Are you ever worried Penn will plunge down the T14 rankings for being "over-rated" or gaming US News?  Are you ever troubled by the fact that some people think it is vastly overrated?  Do you find any truth in those accusations?

First, let me say I love Penn. I love it to death. I am probably one of the biggest Penn trolls out there.

That said, am I "worried" that Penn will plunge down the T14 rankings as you put? Hell no. What do I have to be worried about? I don't want to clerk, I have job(s) lined up, and firms are NOT up to date with US News enough to know that Penn is #6 now, much less that it might be #8 next year and #7 the next. So, no I am not worried (though, for the record, I also don't think Penn will "plunge" in the rankings. It might drop next year, but it won't "plunge").

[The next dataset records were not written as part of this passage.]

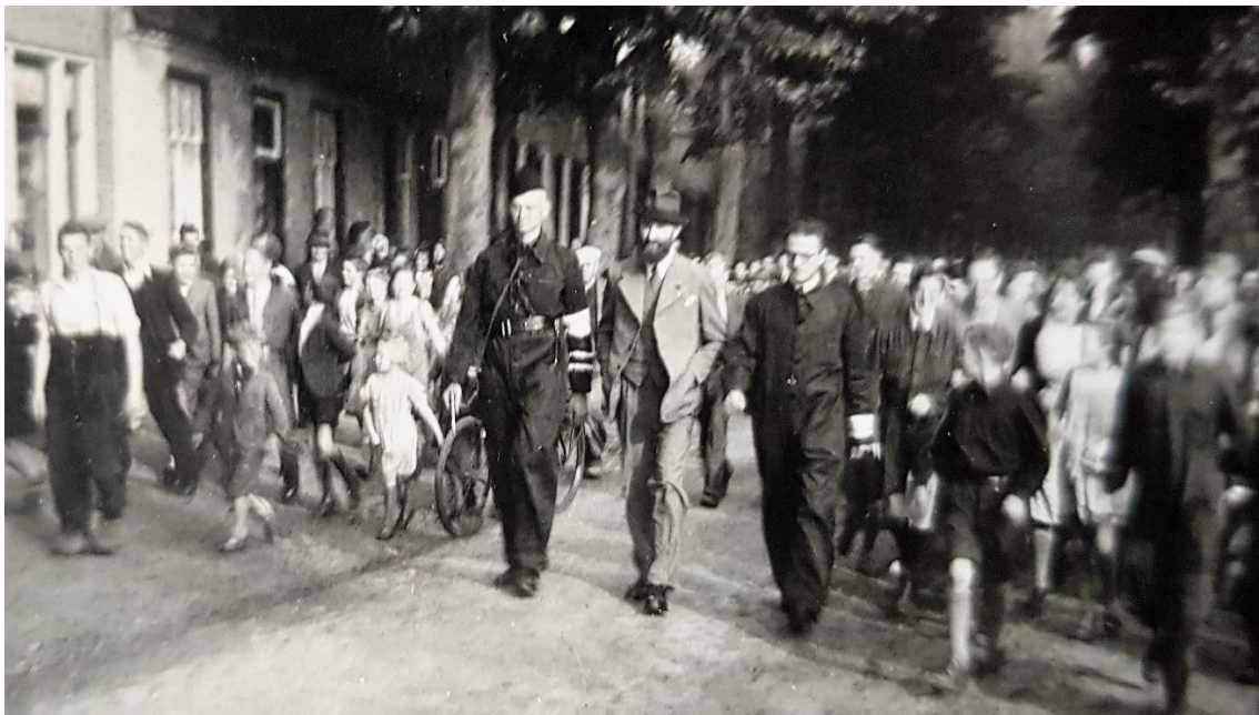
9. Arrestatie van NSB-burgemeester door leden van het verzet.

Muziek: Gelegenheidskoor Gaudeamus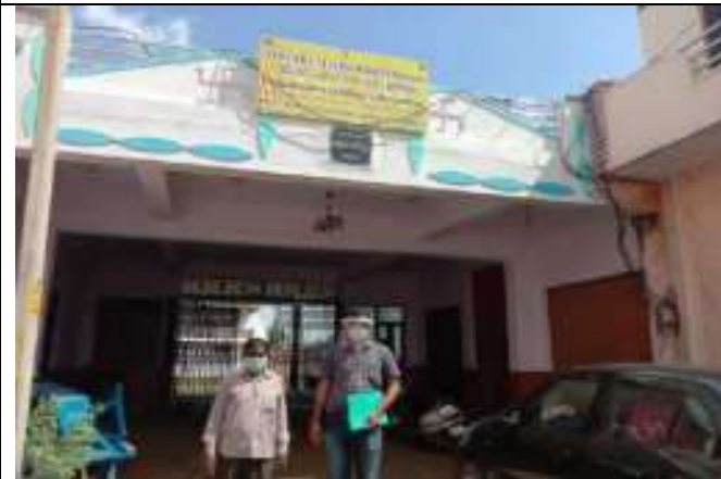
सी. सि. होम (वृद्धाश्रम) भीलवाडा में RRTC सदस्य के साथ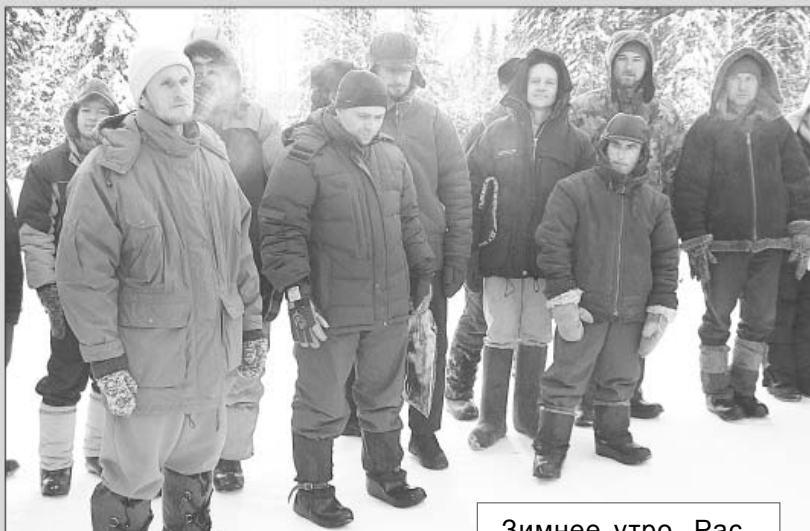
Зимнее утро. Распределение задач на предстоящий день

яние, которое мы должны теперь вернуть своими усилиями, преодолев слабости, трудности, создав Единую Семью.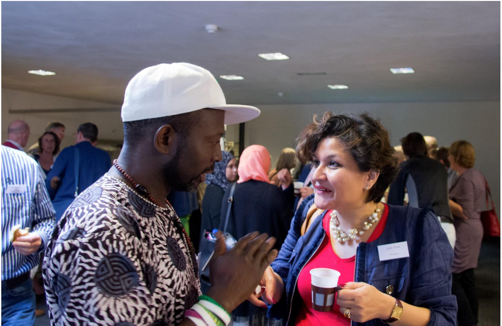
tijdens de lunch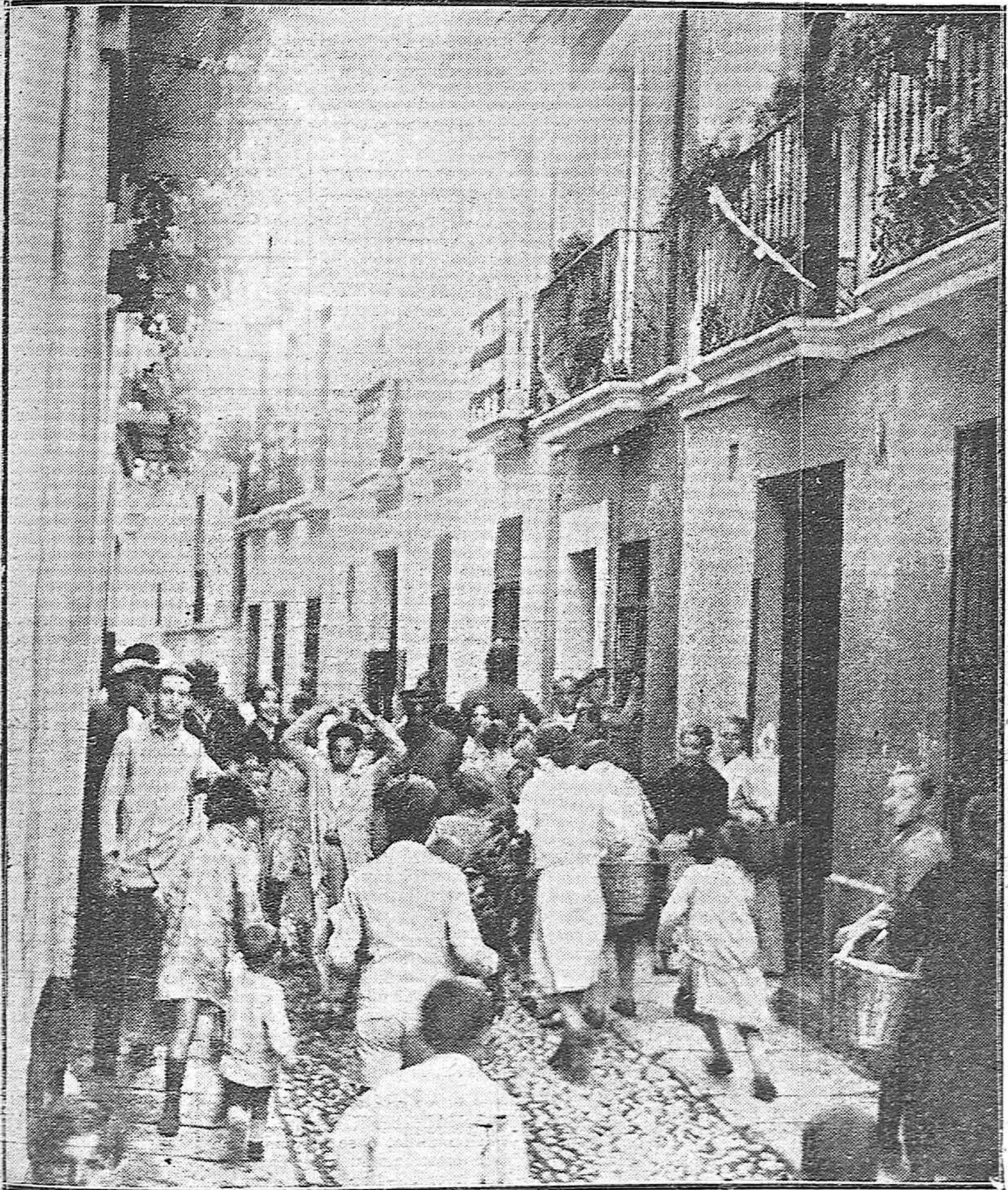
EL SUCESO DE LA CALLE CARLOS RUBIO.—LA «CASA DEL FANTASMA», ADONDE UNA MANO INVISIBLE NO CESA DE ABOYAR PIEDRAS DURANTE TODO EL DÍA, MANTENIENDO LA ALARMA DEL BARRIO Y SIN QUE LAS AUTORIDADES LOGREN DESCHIFRAR EL MISTERIO.

Second, I am likewise not troubled by the fact that some people think Penn is "vastly" overrated. Do I think, according to US News, it is overrated? Probably. But that speaks more of my respect for the University of Chicago as a law school and institution in general than it does against Penn. Also, in no way do I think you would be sacrificing by choosing Penn over the University of Chicago, but I think in ways that US News determines its rankings (at least the public part), Chicago should be ranked higher. Penn is not historically a T6, and while it is building its faculty and attracting a top-notch student body, currently Chicago still has a slight edge in these areas and a few more (though I think Penn has some advantages too, of course). But in no way is Penn "vastly" overrated, but I could hear you out if you thought it could go down a spot or so. HTFH.  :D

22
Is it true that Penn 2Ls don't have to attend classes and can just travel all over the globe instead?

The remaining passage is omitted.